Andrew Anglin
Daily Stormer
January 19, 2019
As the campaign to find you a new mommy continues to heat up, Kamala Harris is being shown to have kept black criminals in prison rather than releasing them onto the streets.
Is that truly the kind of mommy you want as a mommy?
The New York Times thinks maybe not, apparently.
As speculation grows over U.S. Sen. Kamala Harris’s presidential aspirations, the California Democrat’s record as a prosecutor and state attorney general are attracting new scrutiny.
The perception that Harris, 54, acted as a “progressive prosecutor” during her tenure as the district attorney of San Francisco and then California’s attorney general contradict her actions, a University of San Francisco associate law professor argues in an op-ed piece.
“Time after time, when progressives urged her to embrace criminal justice reforms as a district attorney and then the state’s attorney general, Ms. Harris opposed them or stayed silent,” Lara Bazelon writes in the New York Times.
“Most troubling, Ms.

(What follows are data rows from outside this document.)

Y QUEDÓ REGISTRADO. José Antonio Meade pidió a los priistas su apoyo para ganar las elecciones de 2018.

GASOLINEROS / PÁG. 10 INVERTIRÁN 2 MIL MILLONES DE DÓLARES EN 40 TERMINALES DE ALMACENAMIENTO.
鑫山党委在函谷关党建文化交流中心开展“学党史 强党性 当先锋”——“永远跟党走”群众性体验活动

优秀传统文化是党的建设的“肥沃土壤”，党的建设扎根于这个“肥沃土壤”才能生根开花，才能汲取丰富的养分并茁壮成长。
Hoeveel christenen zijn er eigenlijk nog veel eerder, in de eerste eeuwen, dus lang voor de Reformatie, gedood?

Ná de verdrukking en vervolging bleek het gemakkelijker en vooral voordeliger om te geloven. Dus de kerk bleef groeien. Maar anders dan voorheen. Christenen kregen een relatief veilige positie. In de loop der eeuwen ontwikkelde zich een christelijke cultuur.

Harris fought tooth and nail to uphold wrongful convictions that had been secured through official misconduct that included evidence tampering, false testimony and the suppression of crucial information by prosecutors.”

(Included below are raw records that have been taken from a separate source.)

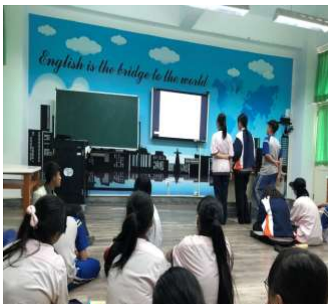
與南台科大教授合作進行學生視訊討論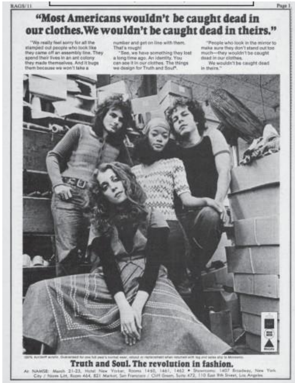
Figure 23. Publicité pour la marque de vêtements Truth and Soul , dans Rags magazine , San Francisco, Californie, Avril 1971, p. 1, Rags Lives, http://ragslives.blogspot.com/2007/01/april-1971-truth-and-soul-ads.html . Consulté le 15 mai 2018.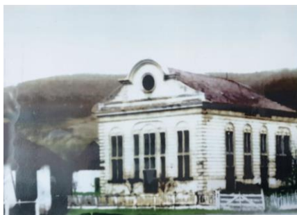
La Synagogue Hida ( n'existe plus)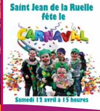
culture - loisirs

le magazine d'information de Saint Jean de la Ruelle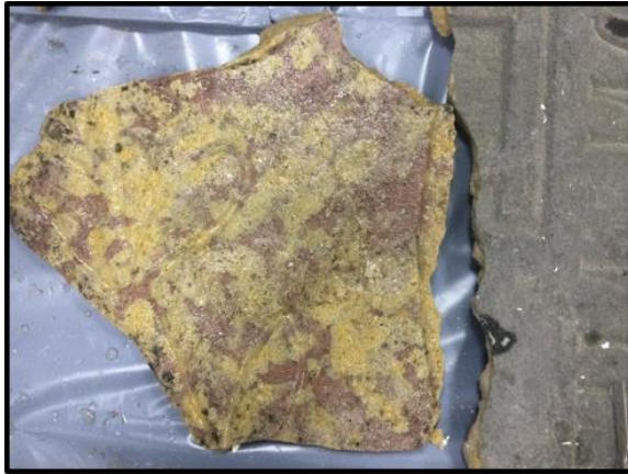
Рисунок 17. Естественный цвет материала плиты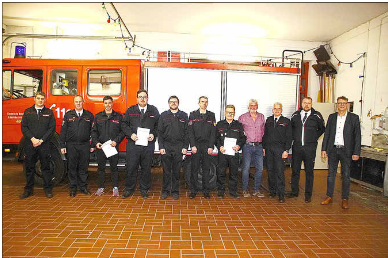
Die beförderten und geehrten Wehrmänner mit den Führungskräften und Gästen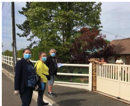
Distribution de masques par la Municipalité avant le déconfinement.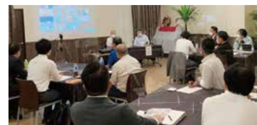
日時:2021年6月15日(火) 18:30~20:45 会場:トラットリアデラメーラ・ZOOM 参加者:40名

これから目指すのは、永続する会社にするための中期計画の設定。利益を出し続ける会社にする。社内では採用した人材がやりがいをもって成長できる環境を整える。仕事のやりがい、仲間とのつながり、会社との信頼関係。失敗を認めて改善にこだわる。75歳まで働ける事業をつくる。社内結婚や子どもさん、友人が働きたくなる会社。だと熱くご報告いただきました。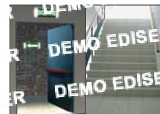
Dégagements aux escaliers

Bazelon then lists multiple instances where the Democratic senator failed to embrace criminal justice reforms – either opposing them or declining to state an opinion.

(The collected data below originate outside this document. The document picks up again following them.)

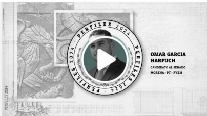
Perfiles 2024: Omar García Harfuch

#Perfiles2024. Hoy, Omar García Harfuch, candidato al Senado con Morena y aliados. El superpoliciá de Claudia Sheinbaum que perdió la candidatura en la Ciudad de México. #Latinus #InformaciónParaTI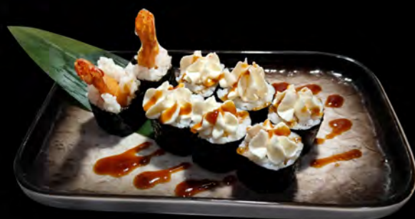
97. EBITEN MAKI € 5,00 gamberi fritti, fili di pasta philadelphia teriyaki fried shrimp, crispy stands of pasta philadelphia teriyaki allergeni: 1,2,6,7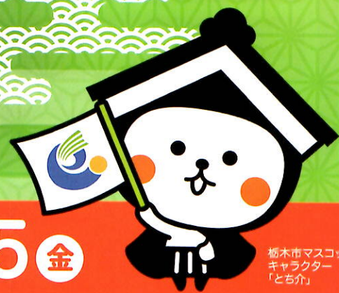
栃木市マスコット キャラクター 「とち介」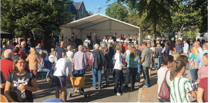
Oben: Seit 2015 organisiert die BIG im September das Straßenfest

Zu den wichtigsten Aufgaben der BIG gehört die Kommunikation: Wir fördern die Vernetzung untereinander, schaffen mit Veranstaltungen Aufmerksamkeit für Blankenese und rücken mit Aktionen und Social-Media-Posts die Gewerbetreibenden in den Fokus.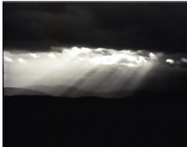
IMG. 12: Peter Hutton, Landscape (For Maron) (1987)

duração de planos, apesar de difícil, é algo importante para a globalidade de uma obra.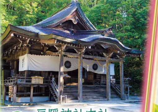
POINT 5 戸隠神社中社 5つの戸隠神社のうち中心「中社」 樹齢800年を超える三本杉が有名です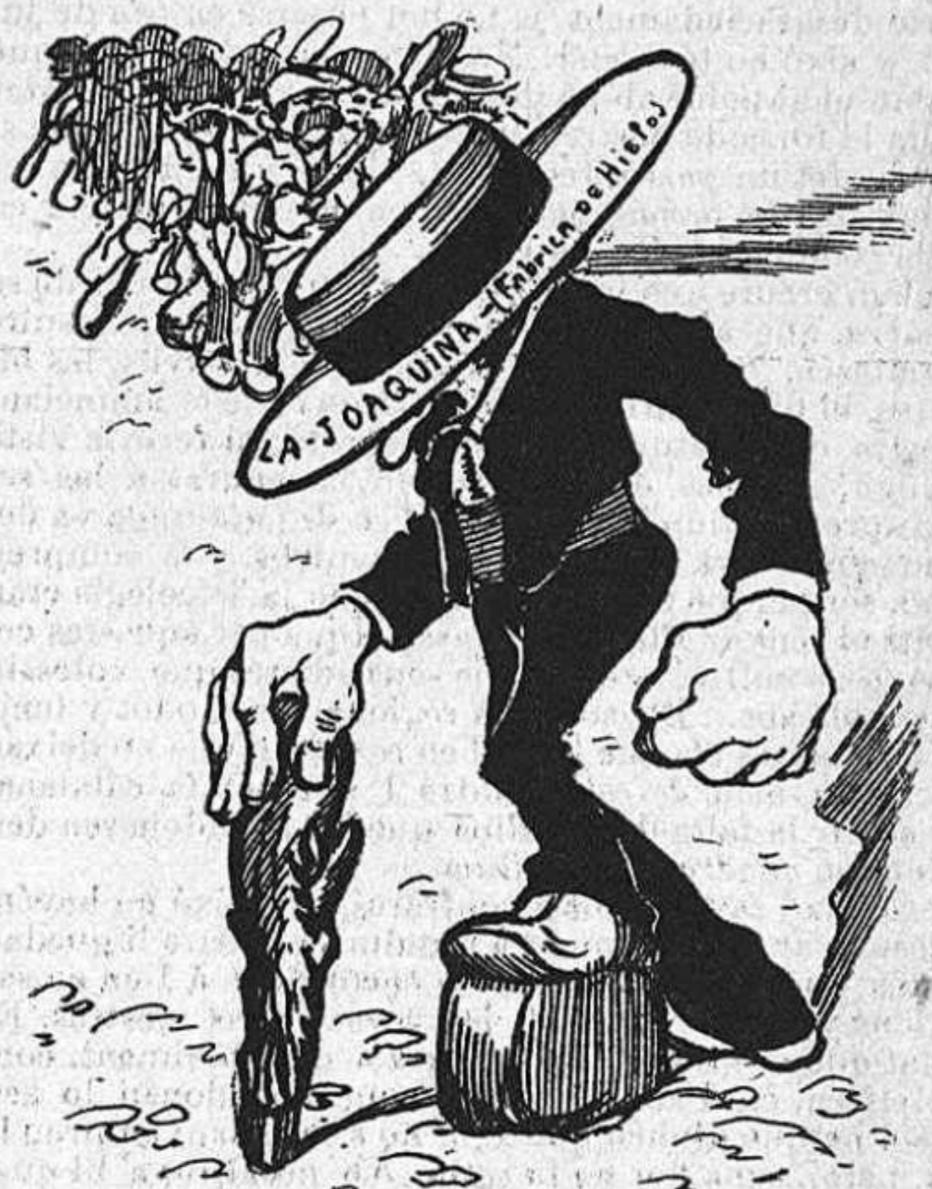
L'única autoritat que va donar mostres de la seva energia.

She cites Harris’ reluctance to take a position in 2014 on opposition to Proposition 47, a voter-approved ballot measure that reduced certain low-level felonies to misdemeanors. Bazelon also takes issue with Harris for not supporting standards on body-worn cameras for police officers.
According to Bazelon, Harris also opposed a 2015 bill requiring her office to investigate officer-involved shootings. Bazelon’s Times piece criticizes Harris’s decision to continue to prosecute death penalty cases as state attorney general even while supposedly opposing capital punishment.
…
“It is true that politicians must make concessions to get the support of key interest groups. The fierce, collective opposition of law enforcement and local district attorney associations can be hard to overcome at the ballot box. But in her career, Ms. Harris did not barter or trade to get the support of more conservative law-and-order types; she gave it all away,” Bazelon writes.
“All too often, she was on the wrong side of that history,” Bazelon writes in the Times.
It’s a tough thing to have to choose a new mommy.
But I think we can all agree that we should have a mommy who takes pleasure in releasing black gang members from prison onto the streets.
We need a mommy who will be strict with us, but will also love us.
And who we love.
Kamala Harris is a strong mommy, but is she loving enough to be our true mommy?